Searching works via a simple syntax of values and operators. For example, to search for a host with the value "sa-1", the search query would look like the following:

host = "sa-1"

This can then be expanded by combining and and or operators with another filter.

host = "sa-1" and user = "bob"

Negative filters can also be used, such as the below:

host = "sa-1" and user != "bob"

Wildcards

Searching also supports wildcards. For example, if you knew that the host started with sa but you didn't know the rest, you could perform a search like the following:

host = "sa-*"

Alternatively, you could use * to signify that the field just needs to exists:

host = *

Piping

In order to chain filters and functions together, the pipe | operator is used. For example, to pipe a query that filters by host into a timechart (explained below), you can do the following:

host = "sa-1" | timechart(cpu)

Visualisations

Alongside the above operations, it is also possible to visualise data by piping to a specific function. The following functions are available: | Name | Syntax | Description | | -------- | ------- | ------- | | Timechart | timechart( fields, metric ) | A line graph of data over time, split by various fields | Piechart | piechart( fields, display ) | A piechart of data, with each slice representing a unique value and it's frequency in the data | Group | group( fields, metric ) | A table of selected fields that are grouped by their unique values | Select | select( fields, metric ) | A table of selected fields, with a row for each data entry | Count | count( field ) | The total count of the selected field occurrence | Sum | sum( field, round, unit ) | The total value of the selected field over a time period | Maximum | max( field, round, unit ) | The maximum value of the selected field over a time period | Average | avg( field, round, unit ) | The average value of the selected field over a time period | Minium | min( field, round, unit ) | The minimum value of the selected field over a time period

*fields represents the ability to specify multiple fields at once

Timechart

Timechart supports two parameters; the first is zero to an infinite amount of fields to split the data across.
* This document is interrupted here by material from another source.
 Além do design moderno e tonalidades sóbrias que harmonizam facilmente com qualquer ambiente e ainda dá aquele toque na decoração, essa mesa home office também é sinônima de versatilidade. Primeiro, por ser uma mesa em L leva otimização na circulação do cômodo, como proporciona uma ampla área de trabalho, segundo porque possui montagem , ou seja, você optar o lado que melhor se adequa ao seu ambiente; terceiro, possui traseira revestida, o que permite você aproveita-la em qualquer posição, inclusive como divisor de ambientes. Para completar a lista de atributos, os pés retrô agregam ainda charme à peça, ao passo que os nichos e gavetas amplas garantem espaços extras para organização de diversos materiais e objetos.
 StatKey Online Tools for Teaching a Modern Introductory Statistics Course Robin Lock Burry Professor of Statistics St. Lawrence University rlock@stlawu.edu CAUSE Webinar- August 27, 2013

For example, if you wanted to see the number of events for each host, you could do the following:

host = * | timechart(host)

timechart split by hosts

The second parameter is metrics to split the data over. In this case, if you wanted to see average cpu per host, you could write the following search:

host = * | timechart(host,metric=avg(cpu))
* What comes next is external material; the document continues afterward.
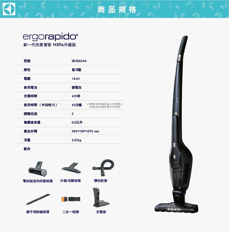 【Electrolux 伊萊克斯】完美管家二合一無線HEPA吸塵器(ZB3302AK 星河藍)

timechart split by hosts and cpu

Piechart

Piechart supports two parameters; the first is one to infinite amount of fields to split the data across. For example, if you wanted to visualise the frequency of hosts within a timeframe, you could use the following query:

host = * | piechart(host)

piechart split by host

By default the piechart is actually a doughnut, but if you want to change the style you can use the display parameter to choose between doughnut or piechart. This can be done as below:

host = * | piechart(host,display=piechart)

piechart with display set

Group

Group allows for events to be grouped together based on the provided fields. For example, to group by hosts, you can use the following:

host = * | group(host)

group by host Grouping can be done by as many fields as needed.

It is also possible to use metrics to add aggregated data. If you wanted to get the average cpu for each host in table format, you could write this query:

host = * | group(host, metric=avg(cpu))

alt text

Select

Select is a way to simply define the fields you would like to table, without grouping by a field or fields. For example, to get each event found in the search, but only display the host and cpu fields, you could write the following:

host = * | select(host,cpu)

alt text

It is still possible to see the other fields in the event by clicking on the expand button in the top right of the event line. alt text

Count

Simply returns a count of the field specified. Multiple fields are not supported.

Sum, Average, Maximum and Minimum

These four functions are identical in their use, with the difference being the operation that they run. These only accept a single field.

Other than the field, these functions support two optional parameters. The first is round, which specifies the number of decimal points to include. The second is unit, which allows the unit to be appended to the value. For example, to get the average memory across all hosts, rounded to two decimal points, and display it as bytes, the following can be used:

host = * | avg(memory_total,round=2,unit=bytes)

alt text

Advanced Functionality

Within investigate, there is also the ability to do some more advanced querying within the search. This includes replacing field names and performing mathematical functions against the data.

Field Replacement

In the event that you wish to replace a field name in your search output, you can use the := operator to specify the field you want to replace. For example, if you were creating a timechart of average CPU, the label of this timechart would be _avg.cpu.

alt text

If you want to rename this to averageCPU, you could add the following piped function to your query:

host = * | timechart(metric=avg(cpu)) | averageCPU := _avg.cpu

alt text

Field Addition

Similar to the replacement function above, if you want to keep the original field, you can use the :+= operator instead. This results in an extra field being created, rather than replacing the existing field. Using the same example as above, this would look like the following:

host = * | timechart(metric=avg(cpu)) | averageCPU :+= _avg.cpu

alt text

Maths

As well as replacing or adding fields, it's possible to manipulate the values of these fields. For example, if we were grouping host by version, it might look like this:

host = * | group(host,metric=avg(version))

alt text

However, we want to add 10 to the version, so we can do the following instead:

host = * | group(host,metric=avg(version)) | version := _avg.version + 10

alt text

Maths supports the following operators:

+ addition, - subtraction, * multiplication, and / division.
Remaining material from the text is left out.